First, "everyone" is commonly used to refer to either TV viewership or movie audience numbers. So that "everyone" saw Summer Blockbuster X or "everyone" watches Game of Thrones (or Big Little Liars or The People vs. O. J. Simpson). Or even "everyone" on Twitter.
Part of the problem, which is generally admitted, is that the so-called "monoculture" is a thing of the past: gone are the days when nearly half of all American adults watched an important or popular primetime TV episode. But critics and commentators yearn for the relevance of the art they write about, so if either a show generates a lot of content online or if it is legitimately popular by today's standards, the old dependable trope of "everyone" gets tossed about with liberality.
But just consider Game of Thrones, perhaps the most popular show on TV. It gets somewhere between 10 and 25 million viewers on its best night (combining recordings and non-live viewings online). That is between 4 and 10% of the adult population in the U.S. Now the closer to 1-out-of-10 that number gets, the more impressive. But even if it is that high, what that means is that out of every 10 adults in this country, nine do not watch the show in question. In which case, it is fair to say that most everyone does not watch the show.

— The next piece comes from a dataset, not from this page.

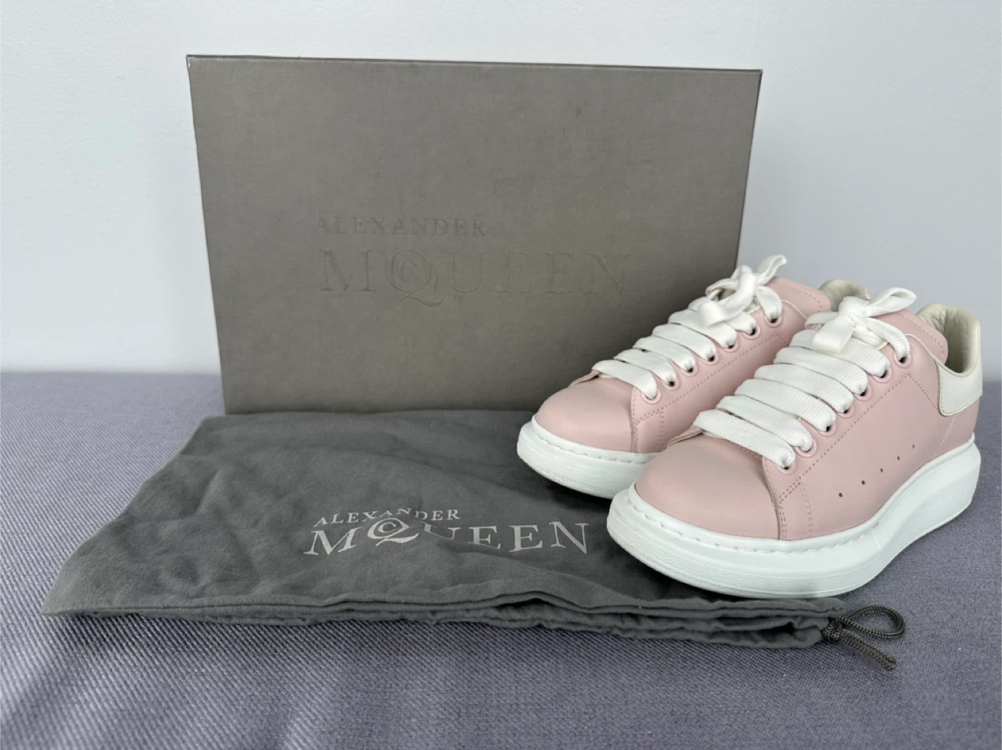Selling a pair of Alexander McQueen sneakers in a lovely pink leather! These stylish sneakers are in great shape and ready for a new home. They feature a classic lace-up design and the iconic McQueen platform sole. Perfect for adding a touch of luxury to your everyday look! This comes with the original box and dust bag.

It just "feels that way" to people who write about it, who spend a lot of time in the pop-culture corners of the internet, and who hang out with others who have similar TV viewing habits.
A final thought.
"Everyone" is also used in a justificatory way, that is, to talk about "what matters," because "everyone" is watching/talking about X or Y. The popularity of a pop-culture artifact warrants its discussion even and especially by those who harbor little affection for it.

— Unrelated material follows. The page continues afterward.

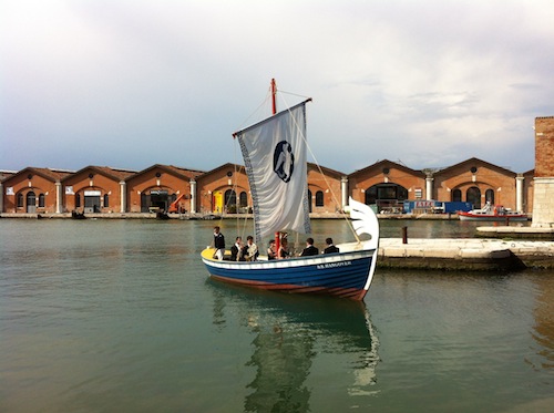 Ragnar Kjartansson’s S.S. Hangover, a repurposed Icelandic fishing boat, in which a crew of tuxedo-clad musicians played a composition for brass instruments while ferrying the boat from one dock to the next in a procession that recalls the sixteenth century Venetian tradition of floating Theaters of the World. Photo: Natalie Musteata.

The thing about this "everyone" is that it is weighted heavily toward the newest, latest thing, as evidenced by its popularity with the newest, youngest adults. Critics deceive themselves into thinking that what they are valuing is creativity or originality, but what they are in fact doing is ratifying the dominance of the market over popular art. Why, in other words, is what "everyone" is talking about the latest fashion or playtoy of twentysomethings? Because 18- to 35-year olds are the target demo for advertisers. Which means that this kind of breathless up-to-date cultural commentary is nothing but capitulation to the market, usually by people who should know better.
What sets the terms for what "matters," then, is not what is most innovative or interesting but what 25-year olds with expendable income and a lifetime of potential brand loyalty there for the taking find most relieves their boredom, at least for the moment. And that is a far cry from artistic merit or cultural cache, however defined.